À découvrir : Champs-Élysées · Faubourg du Roule · Madeleine · Plaine Monceau · Quartier de l'Europe
Entre l'arc triomphal qui couronne l'Étoile et l'obélisque qui veille sur la Concorde, le 8e arrondissement déploie l'une des plus belles perspectives du monde. Ancien territoire de jardins royaux et de villages maraîchers, il est devenu, au fil de deux siècles, le théâtre du pouvoir, des arts et du grand luxe français. Palais, avenues plantées, ambassades et hôtels particuliers y composent un art de vivre où l'histoire de France se lit à chaque façade.
Origines : des jardins du Roi aux villages du Roule
En 1667, André Le Nôtre prolonge la perspective des jardins des Tuileries en traçant vers l'ouest un Grand-Cours planté d'ormes, future avenue des Champs-Élysées, ainsi nommée dès 1709 en référence aux champs mythologiques du bonheur éternel. Au sud, entre 1755 et 1772, l'architecte Ange-Jacques Gabriel dessine la vaste place Louis XV, ouverte sur la Seine et bordée de deux palais jumeaux : elle deviendra la place de la Concorde.
Au-delà de ces grandes percées royales, le territoire demeure longtemps campagne : le village du Roule et les hameaux de la plaine Monceau, faits de vergers et de jardins maraîchers, nourrissent la capitale toute proche. Sur les Champs-Élysées eux-mêmes, seuls quelques guinguettes et jardins d'agrément animent une avenue encore bordée de terrains vagues ; il faudra attendre le XIXe siècle pour qu'elle se couvre d'immeubles et de trottoirs dignes de son tracé.
Développement et patrimoine : naissance d'un quartier impérial
Napoléon marque profondément le visage de l'arrondissement. En 1806, pour glorifier la Grande Armée après Austerlitz, il commande l'arc de triomphe de l'Étoile à l'architecte Jean Chalgrin ; le monument ne sera inauguré qu'en 1836, sous Louis-Philippe. La même année 1806, il ordonne l'édification d'un temple à la gloire de ses soldats à l'emplacement de la Madeleine, projet finalement achevé et consacré comme église en 1842. Le palais de l'Élysée, bâti en 1722, devient quant à lui le centre du pouvoir politique : résidence du prince-président dès 1848, puis résidence officielle des chefs de l'État sous la Troisième République à partir de 1873.

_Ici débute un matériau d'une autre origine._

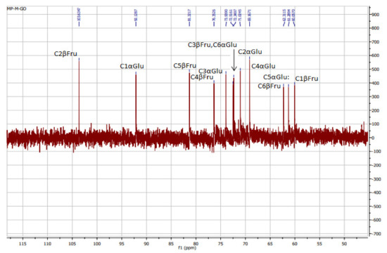 It is obvious from Figure 2 that 103.63 was the signal area of C2, and this was confirmed by the chemical shift of an anomeric carbon in β linkage (103–105 ppm) [36]. However, the signals at 60.05, 72.51, 76.24, 81.19, and 62.17 ppm were attributed to C1, C3, C4, C5, and C6 of fructose rings, respectively.
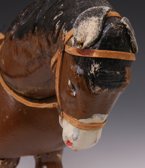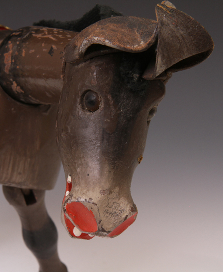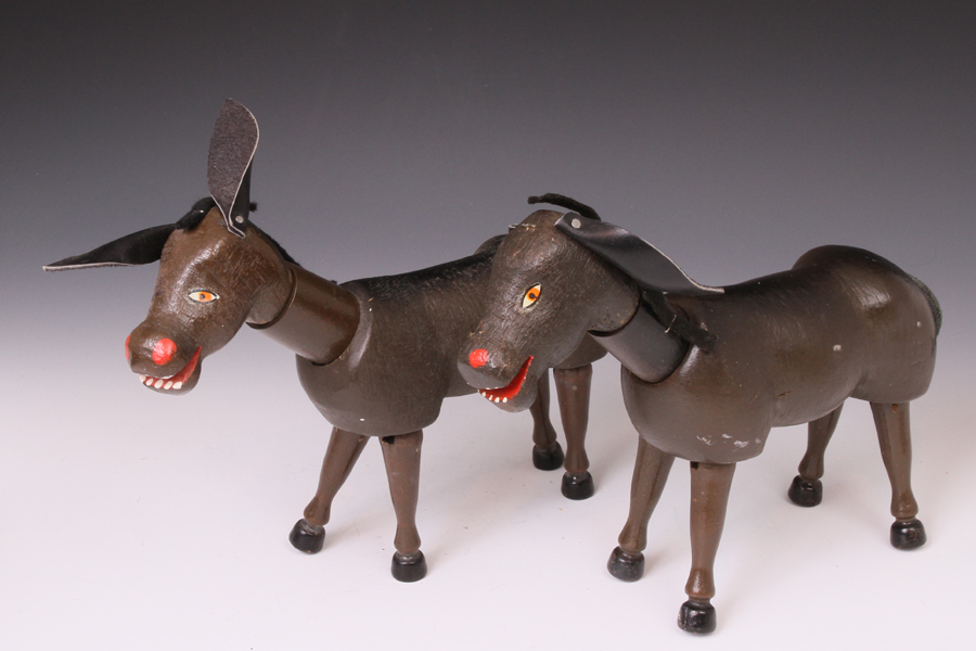 Schoenhut's reduced-size donkeys. Both in complete, excellent condition. ca
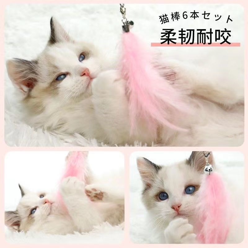 Cat Teaser Wand Fun Tool Self-playing with Bell Fairy Cat Teaser Wand Kitten Bite-resistant Replacement Head Cat Toy quantity
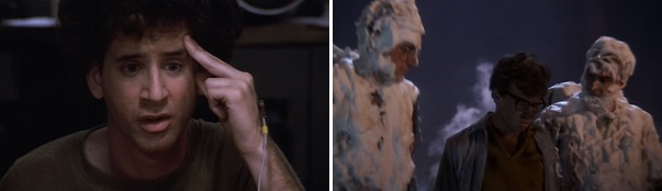 A nerd keeps getting shocked by Dr. Peter Venkman during the Milligram Experiment, even when he gets the right answer. He storms off after he’s had enough, saying that Venkman can keep the five dollars he was promised.
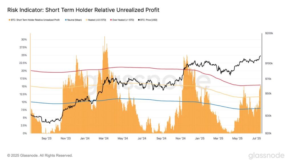 Wraz z przebiciem 120 tys. dolarów, 7-dniowa średnia krocząca wolumenu sprzedaży z zyskiem wśród krótkoterminowych adresów Bitcoina wzrosła do 82%. Czyli znacznie powyżej progu, wskazującego przegrzanie przy 62%. Takie skoki są typowe dla hossy. Glassnode wyjaśnia, że mogą pojawiać się wielokrotnie w trakcie trendu wzrostowego. Ich powtarzanie się na tak wysokim poziomie często poprzedza lokalne szczyty cenowe. Stanowi też sygnał do ostrożności dla nowych inwestorów.

L'annexion des communes limitrophes à Paris en 1860 rattache définitivement le Roule et la plaine Monceau à l'arrondissement tel qu'on le connaît. Le parc Monceau, créé en 1778 par Carmontelle pour le duc de Chartres comme une « folie » aux fabriques anglo-chinoises, est redessiné en 1861 par l'ingénieur Alphand pour le baron Haussmann : il devient l'écrin verdoyant d'hôtels particuliers somptueux. Non loin, le quartier de l'Europe se développe autour de la gare Saint-Lazare, ouverte en 1837 et doyenne des grandes gares parisiennes, avec ses rues portant le nom des capitales du continent — Londres, Vienne, Madrid, Rome —, immortalisées par le peintre Gustave Caillebotte.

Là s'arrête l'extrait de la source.